**Data**.

──────────────────────────────

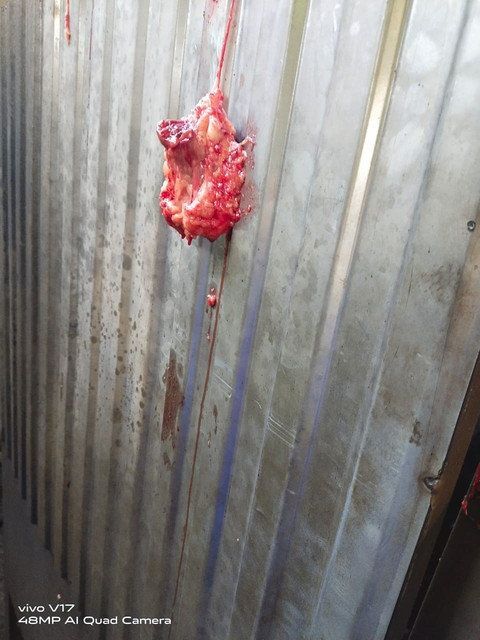 Hiện trường vụ việc cho thấy quần áo và phần cơ thể nạn nhân bị mắc kẹt trong bộ phận quay của máy. Vết máu, mảnh vải và mô cơ vương vãi xung quanh khu vực, tạo nên khung cảnh ám ảnh.
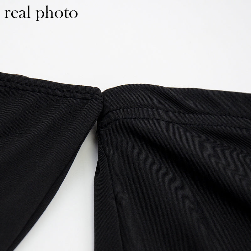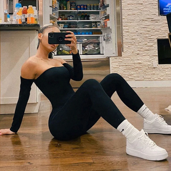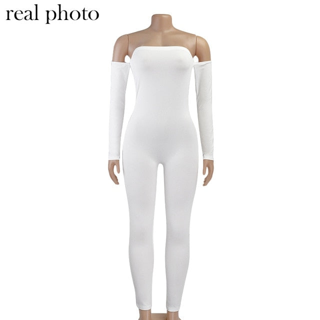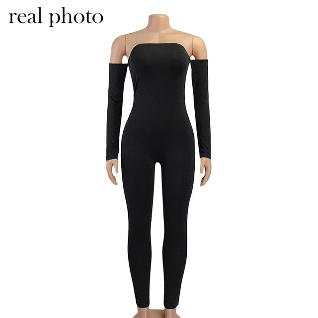 Solid Off-Shoulder Long-Sleeved Polyester Spandex Jumpsuit
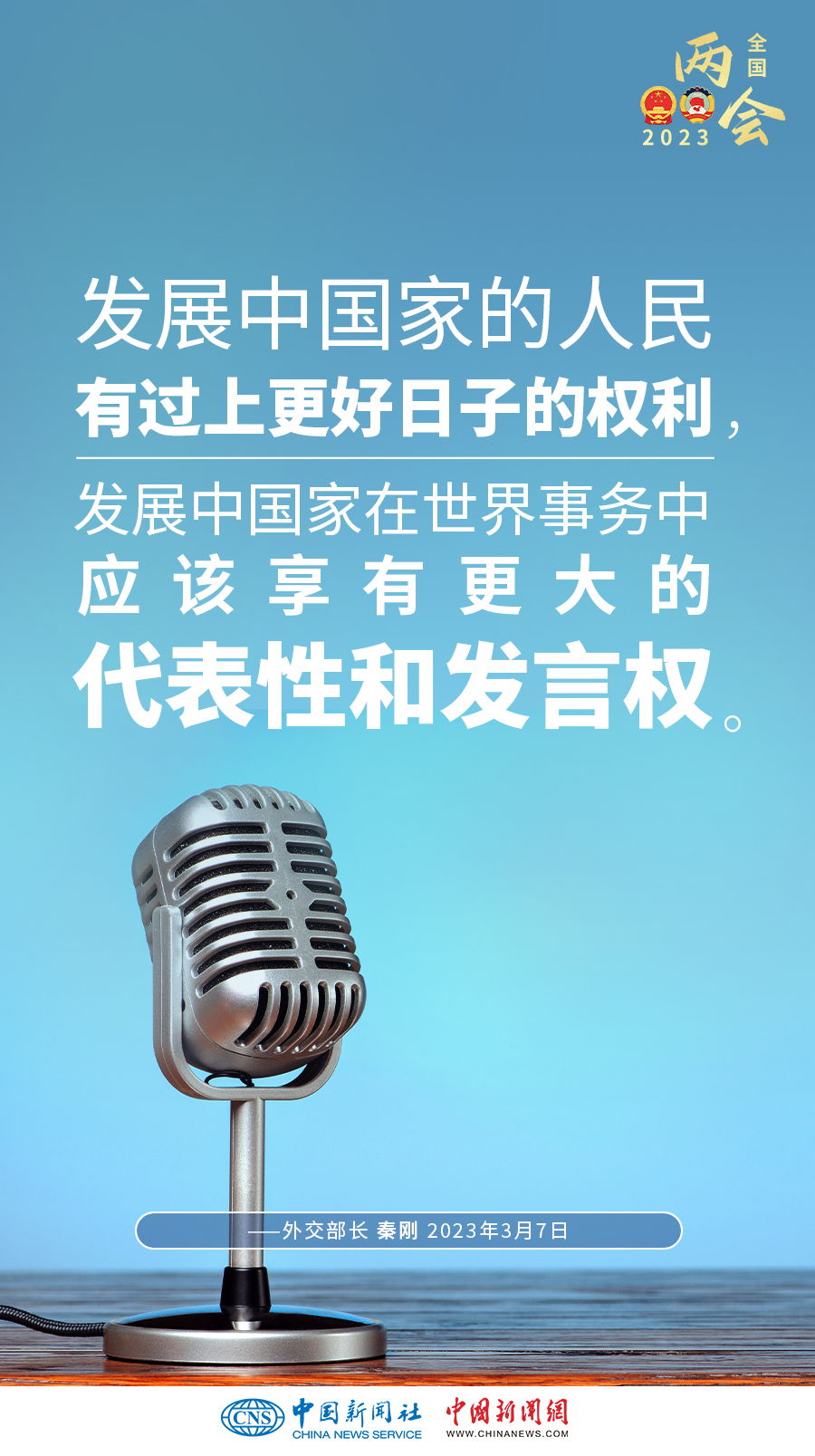 秦剛:發(fā)展中國(guó)家占世界人口總數(shù)的80%以上,對(duì)世界經(jīng)濟(jì)增長(zhǎng)的貢獻(xiàn)率超過(guò)70%。發(fā)展中國(guó)家的人民有過(guò)上更好日子的權(quán)利,發(fā)展中國(guó)家在世界事務(wù)中應(yīng)該享有更大的代表性和發(fā)言權(quán)。

──────────────────────────────

**Task directions**. Make an exact copy of all the material, but keep the pictures out of it.

**Solution for this exercise**.
 Hiện trường vụ việc cho thấy quần áo và phần cơ thể nạn nhân bị mắc kẹt trong bộ phận quay của máy. Vết máu, mảnh vải và mô cơ vương vãi xung quanh khu vực, tạo nên khung cảnh ám ảnh.
 Solid Off-Shoulder Long-Sleeved Polyester Spandex Jumpsuit
 秦剛:發(fā)展中國(guó)家占世界人口總數(shù)的80%以上,對(duì)世界經(jīng)濟(jì)增長(zhǎng)的貢獻(xiàn)率超過(guò)70%。發(fā)展中國(guó)家的人民有過(guò)上更好日子的權(quán)利,發(fā)展中國(guó)家在世界事務(wù)中應(yīng)該享有更大的代表性和發(fā)言權(quán)。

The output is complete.